Work order
Set down, exactly as written, the lines from the line holding "Die neugewählte Bundesregierung" to the end of the data, inclusive, skipping any pictures.

Recorded data
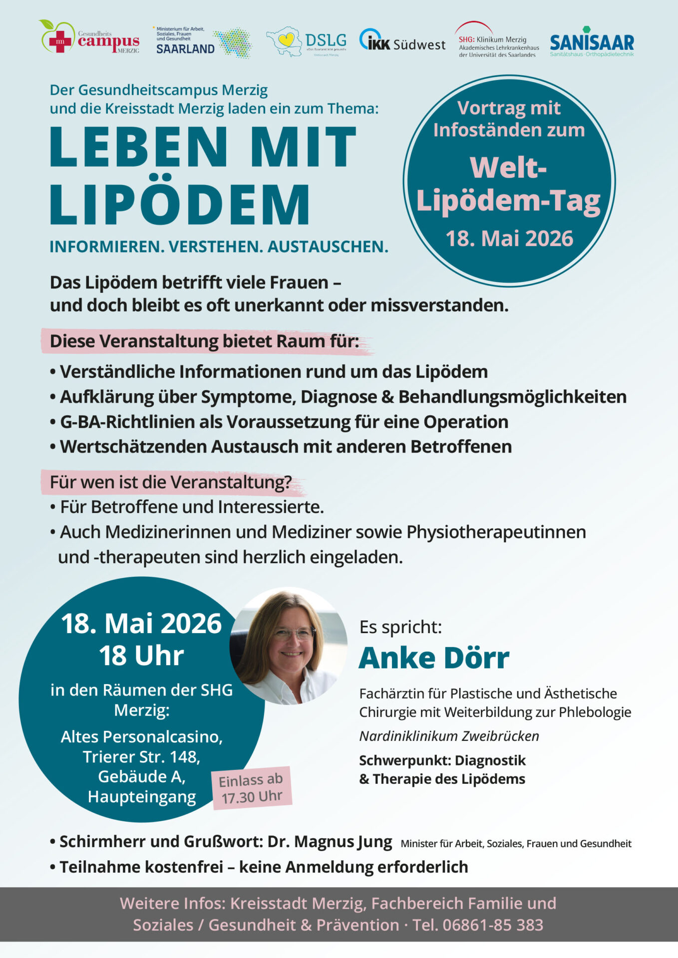Es spricht: Anke Dörr, Fachärztin für Plastische und Ästhetische Chirurgie mit Weiterbildung zur Phlebologie (Venenheilkunde), Nardiniklinikum Zweibrücken. Schwerpunkt: Diagnostik & Therapie des Lipödems.
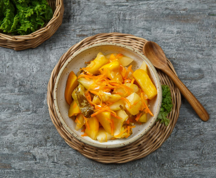 Состав: патиссоны, морковь, чеснок, зелень сельдерея, масло подсолнечное рафинированное, соль, сахар, уксус, перец черный молотый.
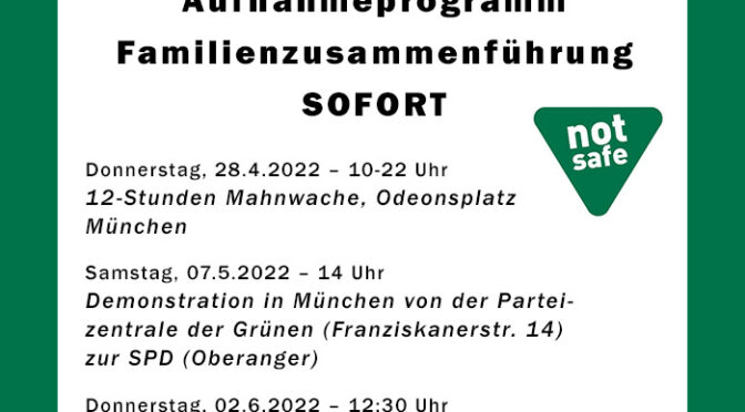 Die neugewählte Bundesregierung der Ampel-Parteien und auch die bayerische Regierung müssen umgehend dafür sorgen, dass es zu einem Kurswechsel in der deutschen Afghanistan-Politik kommt. Daher werden wir den Grünen sowie der SPD stellvertretend einen Besuch abstatten. Wir fordern: Bleiberecht – Aufnahmeprogramm – Familienzusammenführung!
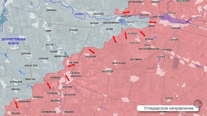 На Угледарском фронте ВС РФ нацелены на выход к Запорожской трассе. Западнее Великой Новосёлки наши прорвались в Новосёлку, идёт штурм, а севернее ВС РФ штурмуют Новоочереватое с прицелом на выход в тыл укрепрайону ВСУ у Бурлацкого. Еще одна наша бригада продвинулась к Днепроэнергии. Восточнее по фронту ВС РФ стараются отрезать восточную часть кураховского «кармана». Часть гарнизона ВСУ окружена в опорном пункте на трассе между Дачным и Улаклы. Вчерашней атакой наши закрепились в юго-восточной части Улаклы. Наш десант высадился на южной окраине Константинополя - встречные бои идут в центральной и юго-восточной частях. На севере «кармана» наши расширяют зону контроля в Андреевке.

Task output
 Die neugewählte Bundesregierung der Ampel-Parteien und auch die bayerische Regierung müssen umgehend dafür sorgen, dass es zu einem Kurswechsel in der deutschen Afghanistan-Politik kommt. Daher werden wir den Grünen sowie der SPD stellvertretend einen Besuch abstatten. Wir fordern: Bleiberecht – Aufnahmeprogramm – Familienzusammenführung!
 На Угледарском фронте ВС РФ нацелены на выход к Запорожской трассе. Западнее Великой Новосёлки наши прорвались в Новосёлку, идёт штурм, а севернее ВС РФ штурмуют Новоочереватое с прицелом на выход в тыл укрепрайону ВСУ у Бурлацкого. Еще одна наша бригада продвинулась к Днепроэнергии. Восточнее по фронту ВС РФ стараются отрезать восточную часть кураховского «кармана». Часть гарнизона ВСУ окружена в опорном пункте на трассе между Дачным и Улаклы. Вчерашней атакой наши закрепились в юго-восточной части Улаклы. Наш десант высадился на южной окраине Константинополя - встречные бои идут в центральной и юго-восточной частях. На севере «кармана» наши расширяют зону контроля в Андреевке.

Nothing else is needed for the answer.